The Durham Report doesn’t just fail to live up to Trump supporters’ expectations of a spectacular vindication; it manages to fail on every other level as well.
None of these failures is particularly surprising given the arc of Durham’s investigation. When he began to wrap up in September, it was clear that he would be unable to live up to the right-wing hype. The only two cases that he brought to trial resulted in acquittals; the one guilty plea he obtained was of an FBI attorney for altering an email used to obtain a surveillance warrant for a Trump campaign adviser. But Durham still includes many of the allegations that the juries rejected, a move more likely to muddy the waters than provide clarity.
Consider the argument that rapidly began circulating on Twitter that Durham conclusively stated that former Secretary of State Hillary Clinton approved a plan for her 2016 campaign to “vilify Donald Trump by stirring up a scandal claiming interference by the Russian security services.” It’s a hell of a claim, but the relevant section of the report actually says the claim is based on Russian intelligence analysis that U.S. intelligence agencies obtained in 2016. At no point was the claim ever confirmed, something even Trump’s director of national intelligence John Ratcliffe admitted in a letter to the Senate after declassifying the existence of the intelligence. Nor does Durham ever state it as a gospel truth.
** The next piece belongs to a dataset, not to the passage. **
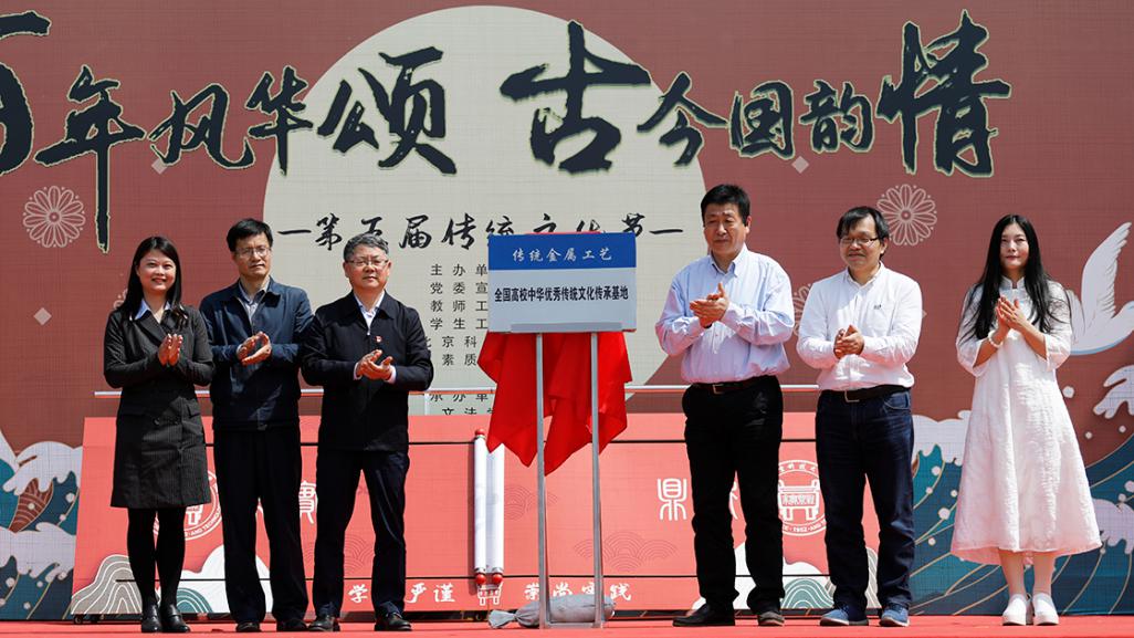 学校发挥科技史等学科优势,统筹人文素质教育中心、设计系、高工91麻豆 等资源,建设传统金属工艺传承创新基地,获评全国高校中华优秀传统文化传承基地,臧勇校长、潜伟老师、王鹂老师、章东辉老师、赵志毅老师和覃京燕老师在开幕现场为基地揭牌!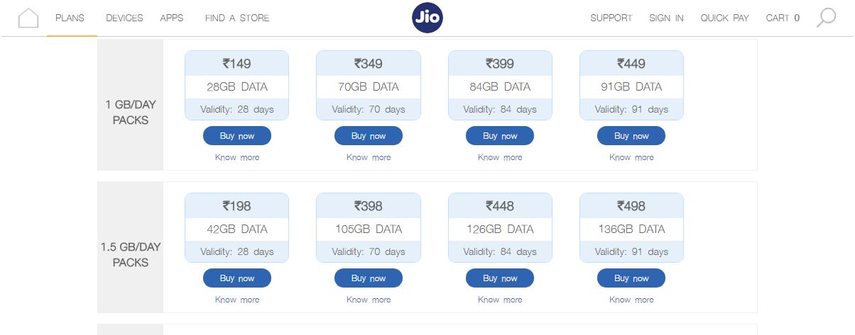 Reliance Jio also revised its existing Rs. 198, Rs. 398, Rs. 448 and Rs. 498 prepaid plans. These now offer 1.5GB of high-speed 4G per day data with different validity period.

And yet Durham spends roughly 20 pages trying to make hay out of the FBI not acting on that intercepted intelligence. In doing so, he included text messages and emails from Clinton campaign staffers that might — if you squint — fit the idea that there was a formal plan to fabricate a link between Trump and Russian President Vladimir Putin. This is par for the course for the report overall, which functions as an extended version of Durham’s court filings in which he would spin a narrative that sounded shady but lacked any conclusive evidence of wrongdoing.